UK inflation tumbles to 1.7 per cent in September, boosting rate cut bets
British inflation dropped sharply and key price gauges watched by the Bank of England also fell, bolstering bets on an interest rate cut next month and helping finance minister Rachel Reeves before her first budget.
The rate of annual consumer price inflation dropped to 1.7 per cent in September from 2.2 per cent in August, the lowest reading since April 2021 and driven down by lower airfares and petrol prices, the Office for National Statistics said.
A Reuters poll of economists had pointed to a reading of 1.9 per cent.
Sterling fell by four-fifths of a cent against the US dollar and fell sharply against the euro too after the figures were published.
Interest rate futures showed investors were putting a 90 per cent chance on two BoE quarter-point rate cuts by the end of this year, up from a roughly 80 per cent chance on Tuesday.
Yael Selfin, KPMG UK’s chief economist, said inflation was likely to rebound due to Middle East conflict-driven oil price increases and domestic energy price hikes.

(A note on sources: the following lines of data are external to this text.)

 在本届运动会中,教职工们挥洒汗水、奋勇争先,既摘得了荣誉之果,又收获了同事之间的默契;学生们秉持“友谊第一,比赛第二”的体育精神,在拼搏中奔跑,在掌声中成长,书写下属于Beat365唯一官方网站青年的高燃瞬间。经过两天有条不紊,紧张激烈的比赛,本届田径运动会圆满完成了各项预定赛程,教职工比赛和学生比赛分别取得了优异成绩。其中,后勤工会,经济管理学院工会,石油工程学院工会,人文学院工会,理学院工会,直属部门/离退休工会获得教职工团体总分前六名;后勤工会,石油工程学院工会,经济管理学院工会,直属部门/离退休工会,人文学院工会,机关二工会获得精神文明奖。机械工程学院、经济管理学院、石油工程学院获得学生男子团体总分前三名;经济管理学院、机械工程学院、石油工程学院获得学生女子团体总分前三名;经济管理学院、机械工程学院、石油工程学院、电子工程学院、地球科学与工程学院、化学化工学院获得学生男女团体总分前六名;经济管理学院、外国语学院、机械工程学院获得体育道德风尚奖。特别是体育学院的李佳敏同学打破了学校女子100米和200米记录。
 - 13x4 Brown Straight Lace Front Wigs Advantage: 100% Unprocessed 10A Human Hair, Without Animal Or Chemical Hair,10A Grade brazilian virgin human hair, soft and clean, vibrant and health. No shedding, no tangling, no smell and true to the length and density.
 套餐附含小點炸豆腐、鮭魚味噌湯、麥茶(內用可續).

However, she added that this would not prevent the BoE from cutting interest rates.
“(Greater) labour market slack and continued progress on underlying inflation should provide room for the (BoE) to ease monetary policy further,” Selfin said.
Britain’s finance ministry welcomed the fall in inflation, which offers a helpful backdrop for Reeves as she readies her first budget, due on Oct. 30.

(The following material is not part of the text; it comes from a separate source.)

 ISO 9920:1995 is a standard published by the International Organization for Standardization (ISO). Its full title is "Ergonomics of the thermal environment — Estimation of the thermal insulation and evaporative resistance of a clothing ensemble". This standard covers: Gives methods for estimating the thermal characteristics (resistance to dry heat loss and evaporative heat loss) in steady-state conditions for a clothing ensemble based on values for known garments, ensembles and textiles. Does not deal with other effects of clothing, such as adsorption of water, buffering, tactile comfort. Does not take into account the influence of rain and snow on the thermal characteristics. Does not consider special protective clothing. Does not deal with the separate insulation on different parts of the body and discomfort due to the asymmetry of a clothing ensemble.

A less inflationary outlook would slightly improve the economic and fiscal outlook for the budget as Reeves struggles to find the extra money to invest in public services and new infrastructure without spooking investors.
Her spending plans will be watched closely by the BoE.
“Though the stars are aligning for a November rate cut, the upcoming Budget is the final hurdle as rate setters will want to assess the inflationary impact of any measures announced before loosening policy again,” Suren Thiru, economics director at ICAEW, an accountancy body, said.
Core inflation, which excludes energy, food, alcohol and tobacco, dropped to 3.2 per cent from 3.6 per cent in August.
Services inflation – which the BoE views as the most important gauge of domestically-generated price pressure – sank to its lowest since May 2022 at 4.9 per cent in September, down from 5.6 per cent in August.
The BoE had not expected services inflation to fall below 5 per cent this year in forecasts it published in August, and the reading was below all expectations in the Reuters poll.
There were also signs of weaker inflation pressure ahead. Prices charged by factories for their goods fell by 0.7 per cent in the year to September, the biggest fall since October 2020, during the COVID pandemic.